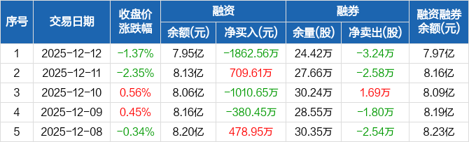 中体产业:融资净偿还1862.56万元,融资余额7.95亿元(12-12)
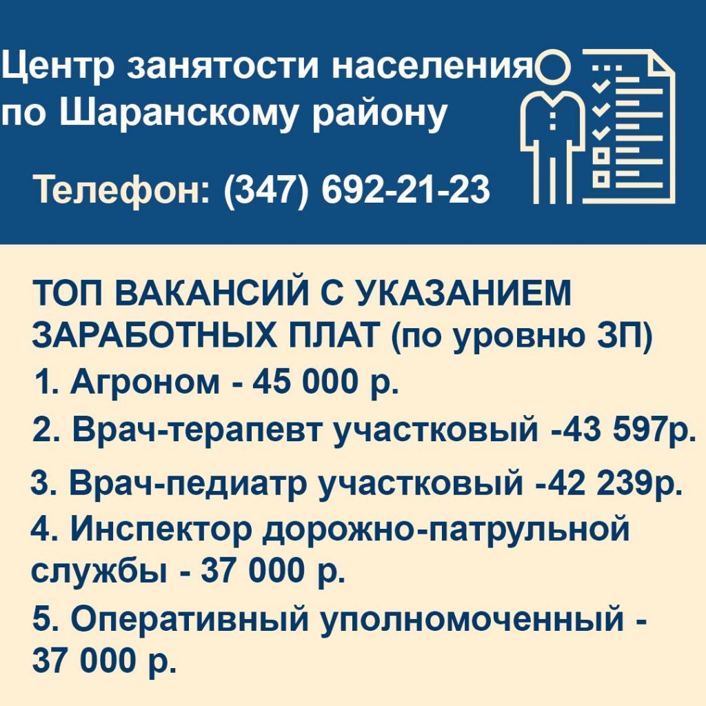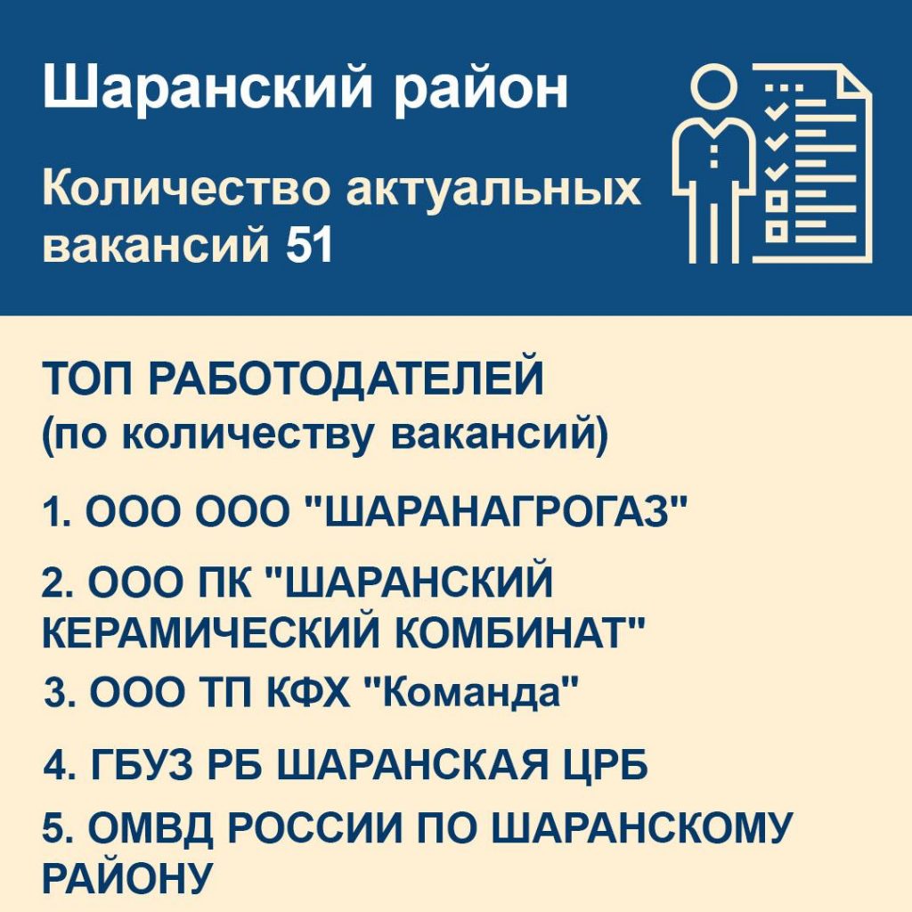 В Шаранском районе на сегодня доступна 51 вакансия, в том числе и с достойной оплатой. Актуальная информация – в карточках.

* * *

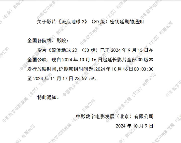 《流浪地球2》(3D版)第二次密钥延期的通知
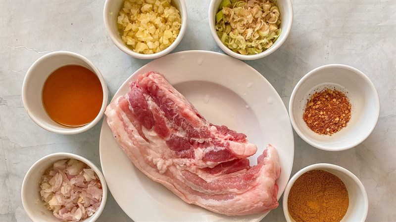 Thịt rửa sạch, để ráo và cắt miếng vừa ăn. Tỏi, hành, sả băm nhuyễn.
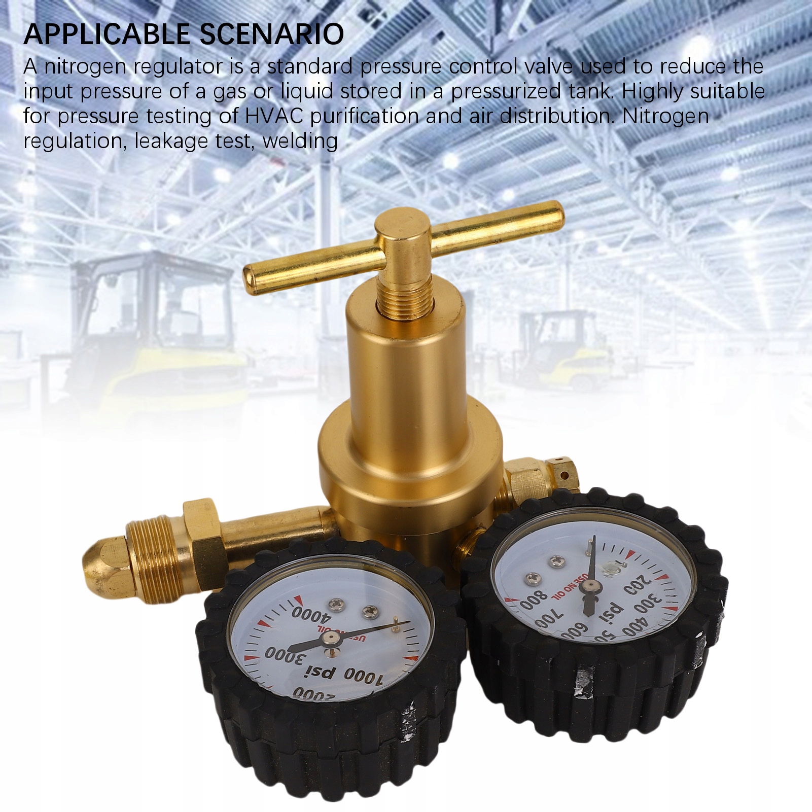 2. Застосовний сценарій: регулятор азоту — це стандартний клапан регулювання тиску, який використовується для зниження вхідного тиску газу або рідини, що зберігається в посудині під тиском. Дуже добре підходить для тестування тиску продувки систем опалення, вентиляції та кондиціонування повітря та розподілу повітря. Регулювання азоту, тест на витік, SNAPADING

---

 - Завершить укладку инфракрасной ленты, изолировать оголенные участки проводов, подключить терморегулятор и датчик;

■ DESCRIPTION OF THE TASK: Above are some records. Output exactly the lines from the one that contains "Thịt rửa sạch, để" to the one that contains "2. Застосовний сценарій: регулятор", keeping both, and omit the pictures.

■ TASK ANSWER:
 Thịt rửa sạch, để ráo và cắt miếng vừa ăn. Tỏi, hành, sả băm nhuyễn.
 2. Застосовний сценарій: регулятор азоту — це стандартний клапан регулювання тиску, який використовується для зниження вхідного тиску газу або рідини, що зберігається в посудині під тиском. Дуже добре підходить для тестування тиску продувки систем опалення, вентиляції та кондиціонування повітря та розподілу повітря. Регулювання азоту, тест на витік, SNAPADING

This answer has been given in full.